Peppermint (Mentha x piperita) is a perennial herb with a
long history of use for digestive disorders. There is clinical and in vitro
research supporting this use. Peppermint oil is from the above ground parts.
The principal active components of peppermint oil are menthol, menthone, and
menthyl acetate.
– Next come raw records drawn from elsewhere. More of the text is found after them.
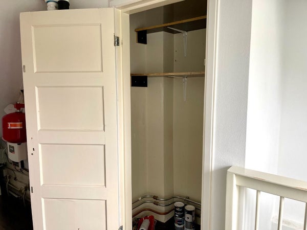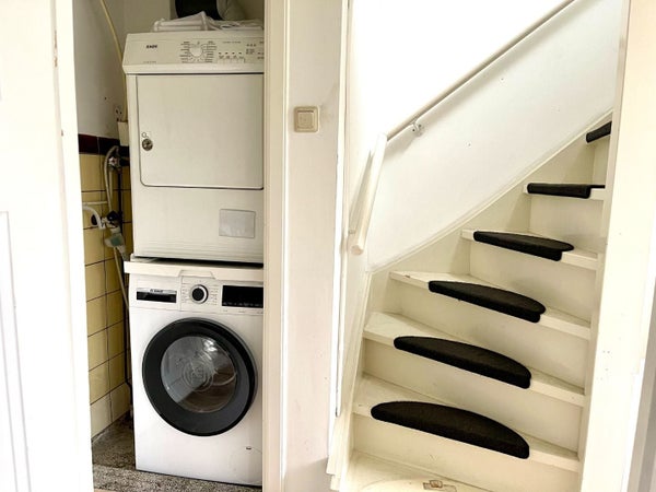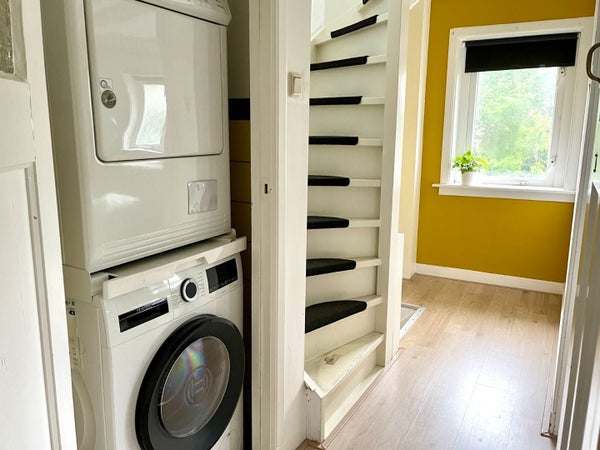 El primer piso también incluye un armario empotrado en el pasillo y un rincón de lavandería con lavadora y secadora. La lavadora es nueva y está alquilada. Es posible que el inquilino lleve su propia lavadora. En ese caso, se puede rescindir el contrato de alquiler de la lavadora y esta puede ser devuelta a la empresa de alquiler (Cool Blue).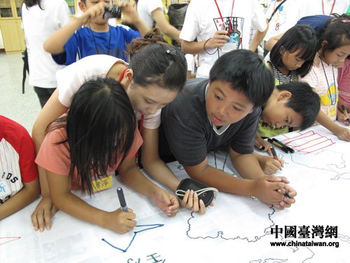 7月22日,廣西大學(xué)和臺(tái)灣大學(xué)學(xué)生和臺(tái)灣南投縣信義鄉(xiāng)仁和小學(xué)學(xué)生共畫“心目中的世博場館”。圖片來源:廣西臺(tái)辦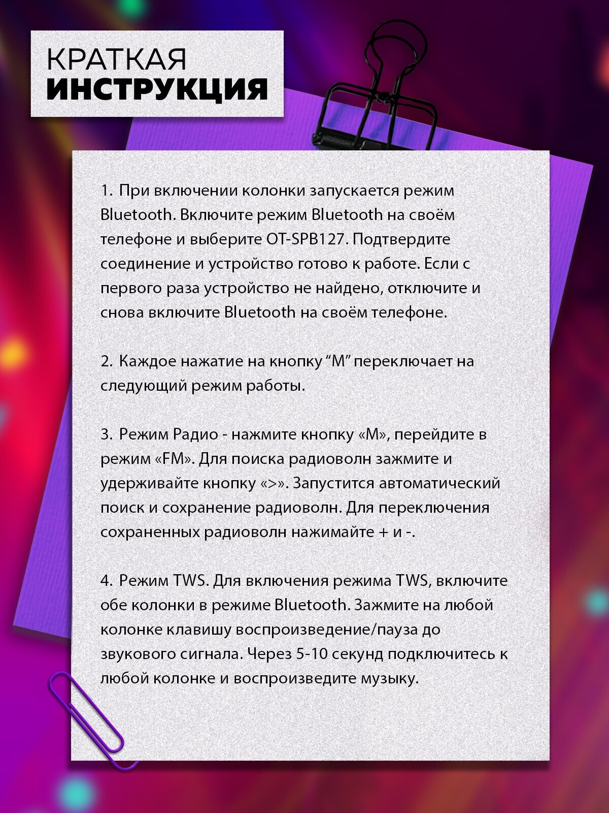 СохранитьКолонка Bluetooth, FM радио, USB плеер, защита от воды, ткань OT-SPB127серая Орбита интересное:
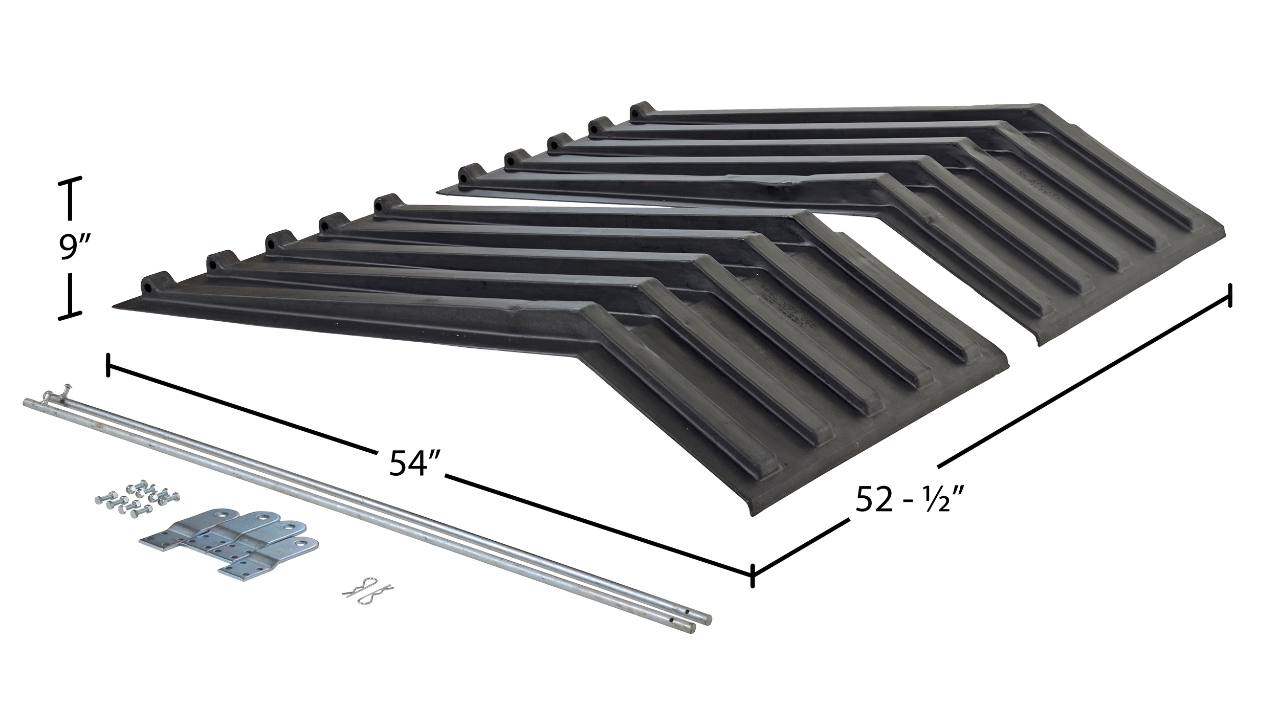 Keep the contents of hoppers out of sight and safe from the elements with a heavy-duty poly lid for self-dumping hoppers. Not only is this lightweight design simple to open and close, but an added benefit of the poly construction is the minimal noise created during the closing process. The multi bracketed connection to the hopper allows the lids to swing freely up and down without constraint.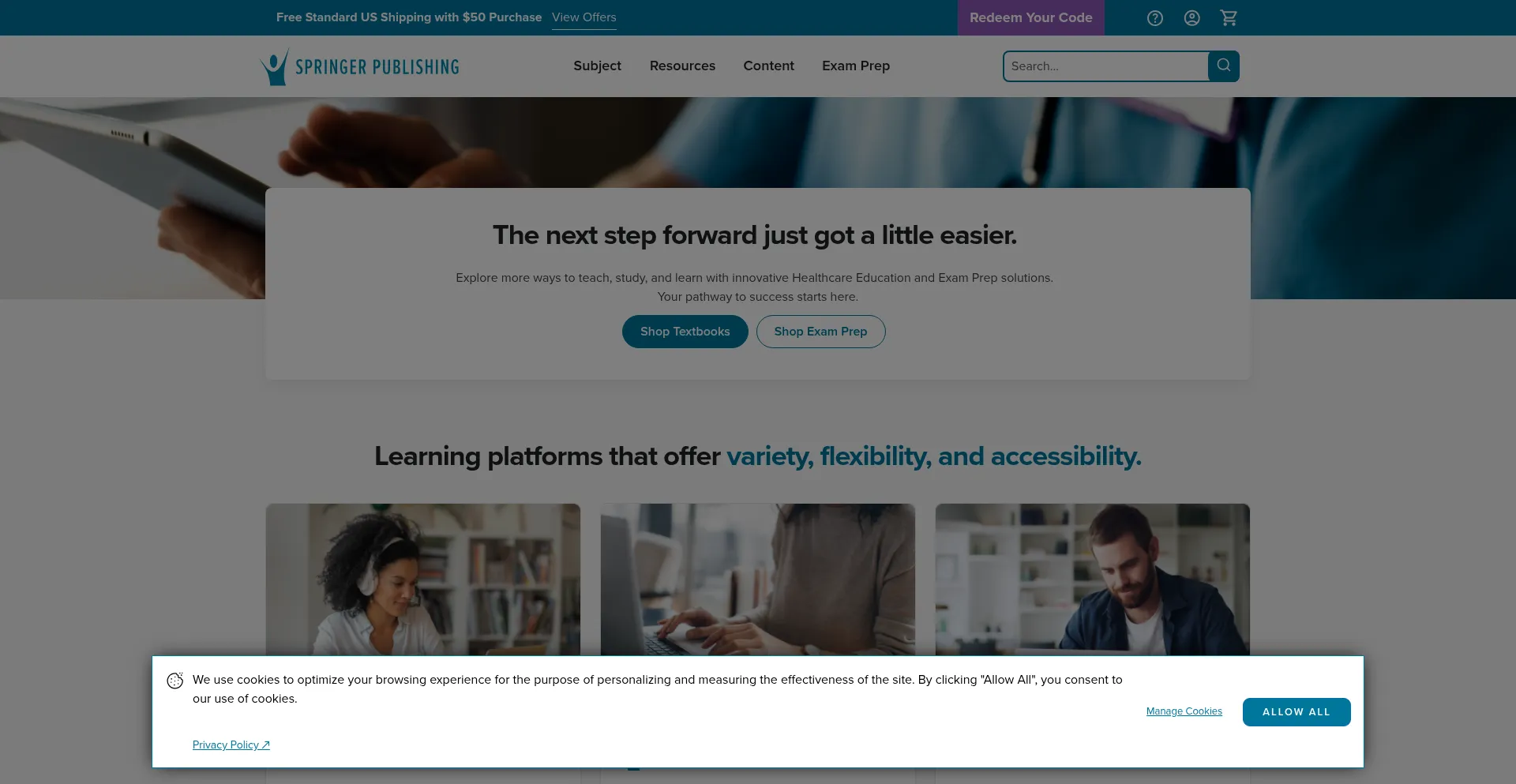 该网站实现符合GDPR或CCPA等隐私法规的cookie同意机制。这表明 springerpub.com 遵守数据保护标准并为用户提供对个人数据收集实践的控制。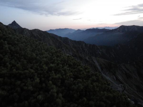 2日目:南岳小屋==(5分)==南岳山頂==(105分)==中岳==(40分)==大喰岳==(20分)==飛騨乗越(10分)==槍ヶ岳山荘==(30分)山頂==(310分)==横尾山荘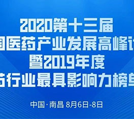 2020年8月6日-8日,由中華全國工商業(yè)聯(lián)合會醫(yī)藥業(yè)商會、贛江新區(qū)管委會主辦,中國(南昌)中醫(yī)藥科創(chuàng)城管委會承辦的“2020第十三屆中國醫(yī)藥產(chǎn)業(yè)發(fā)展高峰論壇暨2019年度中國醫(yī)藥行業(yè)最具影響力榜單發(fā)布會”,將在南昌香格里拉大酒店召開。蒞臨會議的領(lǐng)導(dǎo)和嘉賓圍繞著宏觀經(jīng)濟(jì)形勢、醫(yī)藥產(chǎn)業(yè)發(fā)展現(xiàn)狀、新冠疫情影響等方面開展全方位的分析與研討,論壇現(xiàn)場還邀請了多位醫(yī)藥行業(yè)各領(lǐng)域領(lǐng)軍人物進(jìn)行對話,問道產(chǎn)業(yè)趨勢。 -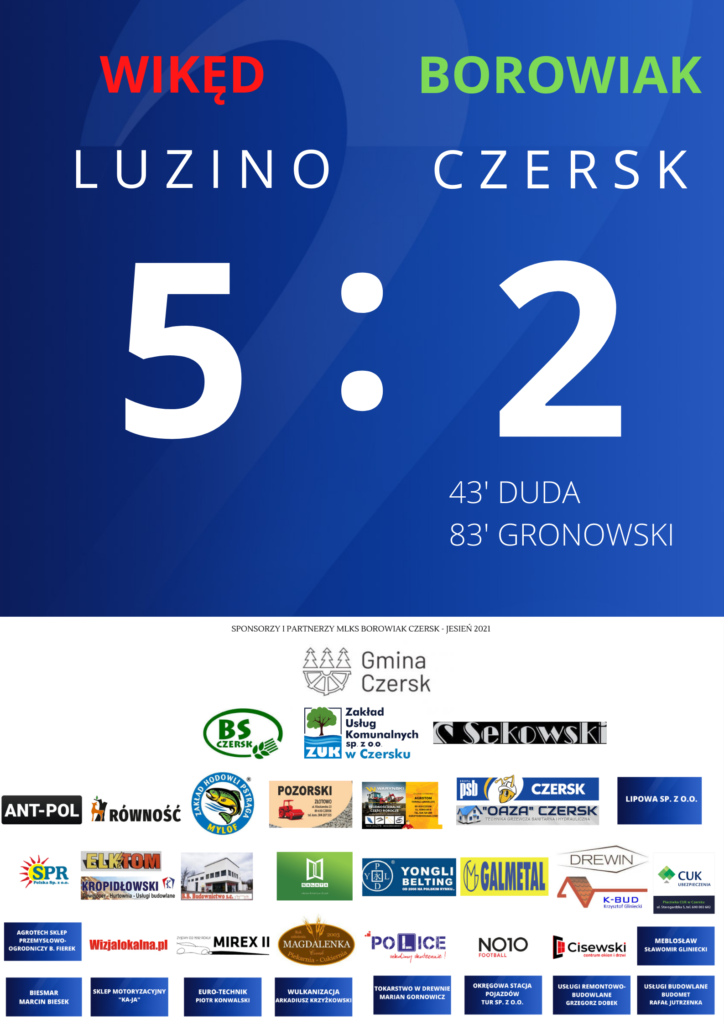 Wypunktowani przez Wikęd. Kolejna wyjazdowa porażka Borowiaka. Fatalna passa Borowiaka na wyjazdach trwa w najlepsze. Tym razem czerszczanie przegrali po słabej grze w Luzinie z Wikędem 5:2, choć w meczu nie brakowało kontrowersji. Bramki dla Borowiaka zdobył Patryk Duda oraz Jakub Gronowski.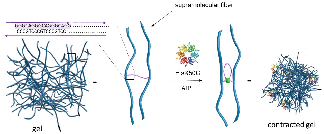Herein, we explore the possibility to transfer mechanochemical activity exerted by motor proteins to a synthetic hydrogel. Water-soluble supramolecular polymers are excellent candidates for this purpose, since they possess numerous properties intrinsic to extra- and intracellular matrices – biocompatibility, tunable rheological properties, dynamic behavior of components, and adaptability to stimuli.[1] The model material in this study is a hybrid DNA hydrogel assembled from one-dimensional supramolecular polymers (structural scaffold), in which the filaments are held together by complementary DNA strands (crosslinking motifs). The supramolecular polymers consist of two kinds of co-assembled benzene-1,3,5-tricarboxamides, one of which is conjugated to a short DNA handle. The self-assembly exhibits two regimes of the supramolecular polymerization. Moreover, the usage of two components allows to adjust the dynamics and crosslinking density of the material. Based on the previous results, we foresee that such hydrogels can be rendered active, i.e. change their stiffness and exhibit spontaneous mechanical fluctuations in the presence of the DNA translocase motor protein and ATP.[2] We believe that our system can provide a convenient tool to establish design principles for the preparation of adaptive and responsible artificial soft matter. The project offers opportunities for studying the diverse properties of active materials which are difficult – if not impossible – to modulate in entirely natural objects.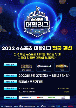 ¡®e½ºÆ÷Ã÷ ´ëÇи®±×¡¯´Â ´ëÇÐ e½ºÆ÷Ã÷ Ȱ¼ºÈ¸¦ À§ÇØ ¾Æ¸¶Ãß¾î ±â¹Ý È®º¸¿Í ´ëÇлý ´ë»ó »ê¾÷ ÀÌÇØµµ¸¦ ³ôÀ̱â À§ÇÑ ¸¶·ÃÇÑ ´ëȸ´Ù. ¿ÃÇØ Àü±¹ °á¼±Àº ¹®ÈüÀ°°ü±¤ºÎ°¡ ÁÖÃÖÇϰí Çѱ¹e½ºÆ÷Ã÷Çùȸ(ÀÌÇÏ Çùȸ)¿Í ±¤ÁÖÁ¤º¸¹®È»ê¾÷ÁøÈï¿øÀÌ °øµ¿ ÁÖ°üÇÑ´Ù.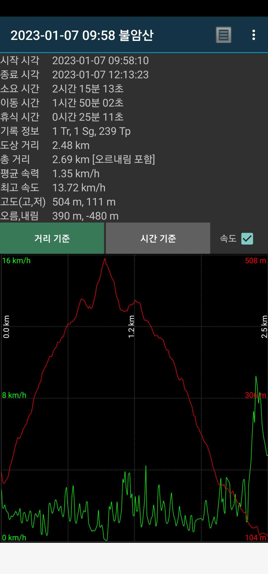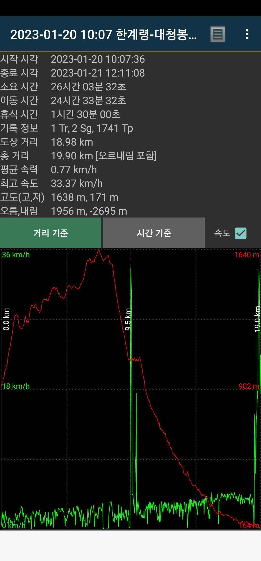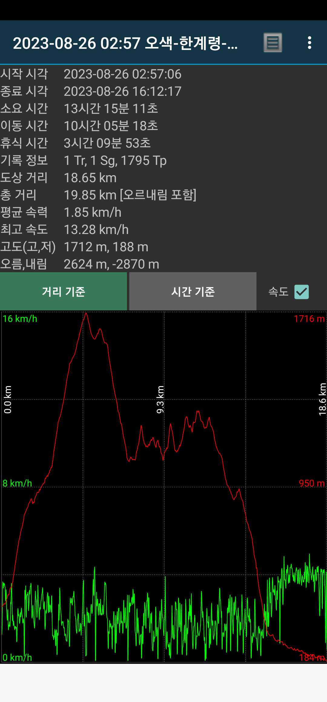 무슨 생각에선지 열심히 따라갔었음. 덕분에 13.6km.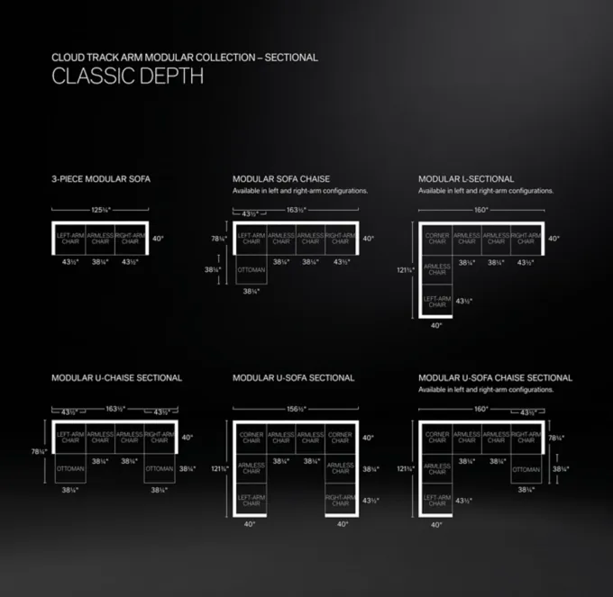 Cloud Modular Track Arm 3-Piece Sofa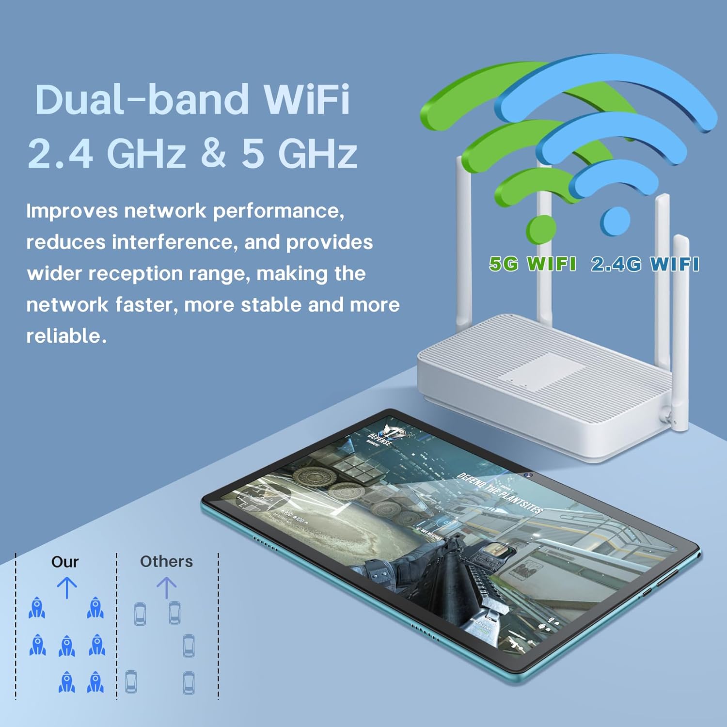 【2024 Latest Android 12 + 2.4G/5G Powerful Wi-Fi】DMOAO tablet adopts the latest 2024 version of Android 12 system and has passed Google GMS. Moreover, it supports 802.11ac high-speed dual-band and allows you to connect to 2.4g+5g WiFi networks. Android tablets can bring you personalized security systems, ultra-fast app launches, super smooth gaming, and stunning multimedia experiences.
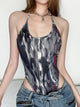 It is specifically designed for women. The fit type is skinny, hugging the body for a sleek and sexy silhouette. The fabric type is knitted, offering slight stretch for a better fit. The bodysuit is decorated with hollow out details, adding a unique and stylish element. The color style is camouflage, giving it a bold and eye-catching look. It features a spaghetti strap collar style, adding a feminine and delicate touch. The bottom of the bodysuit is open crotch, providing convenience and comfort.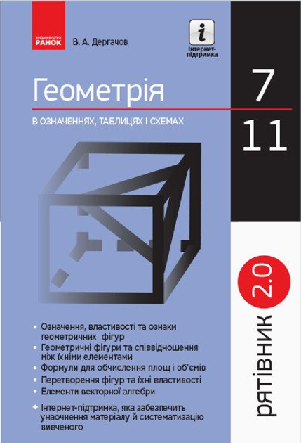 Посібник містить основні положення шкільного курсу геометрії. Наочна форма викладення матеріалу у вигляді таблиць допоможе узагальнити та систематизувати знання з геометрії, дозволить скоротити час на повторення вивченого напередодні контрольної роботи, державної підсумкової атестації, зовнішнього незалежного оцінювання, а також удосконалити навички самостійної роботи з довідковою літературою. Призначено для учнів 7–11 класів закладів загальної середньої освіти та абітурієнтів.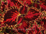 Volcanica™ ‘Solar Flare’ features a deep, nearly black burgundy leaf with bright red ribs and veining. The ultra-fancy edge is rimmed with bright gold for high-contrast eye appeal! Part of the Volcanica™ Collection of vigorous coleus, this variety brings a new pattern, new leaf shape and bright colors for sun and shade. A Ball FloraPlant introduction.

Laboratory studies indicate that peppermint oil may have
analgesic, anticancer, antimicrobial, antiparasitic, antitussive,
gastrointestinal, and respiratory effects. This report is a systematic review
of peppermint.
Electronic databases including AMED, CANCERLIT, CINAHL,
CISCOM, EMBASE, Medline, HerbMed, and NAPRALERT were searched. The keywords
included 56 different search words related to mint. Hand searches of the
literature were also conducted. The studies were graded to reflect the level of
available scientific evidence supporting the efficacy of a therapy for a
specific indication. Grade A = strong evidence from greater than two properly
randomized controlled trials (RCT) and one meta-analysis or many RCTs and
laboratory studies. Grade B = good scientific evidence from 1-2 proper RCT, or
one meta-analysis, or one clinical study and laboratory research. Grade C =
unclear or conflicting scientific evidence from more than one small RCT without
adequate size, quality, etc, or conflicting evidence from multiple RCTs, or one
clinical report with no laboratory studies.
There were no indications rated Grade A. The following
indications were rated a Grade B: colonic spasm (colonoscopy or barium enema),
cough, dyspepsia, gastric spasm (endoscopy), irritable bowel syndrome, and
tension headache (topical). The following indications were rated a Grade C: abdominal
distention, asthma, esophageal spasm, nasal congestion, post-herpetic
neuralgia, post-operative nausea (inhalation), stroke recovery specifically
hemiplegic shoulder pain, and vigilance improvement in brain injury
(aromatherapy).
Based on the evidence the authors conclude that there is
insufficient evidence to determine the efficacy or recommend peppermint oil for
colonic spasm during barium enemas or colonoscopies, cough management,
dyspepsia (upper abdominal pain and bloating), gastric spasm during endoscopy,
irritable bowl syndrome, tension headache, abdominal distention, esophageal
spasm, intestinal spasm, nasal congestion, pre-herpetic neuralgia,
post-operative nausea, stroke recovery-hemiplegic shoulder pain, tuberculosis,
and vigilance improvement in brain injury.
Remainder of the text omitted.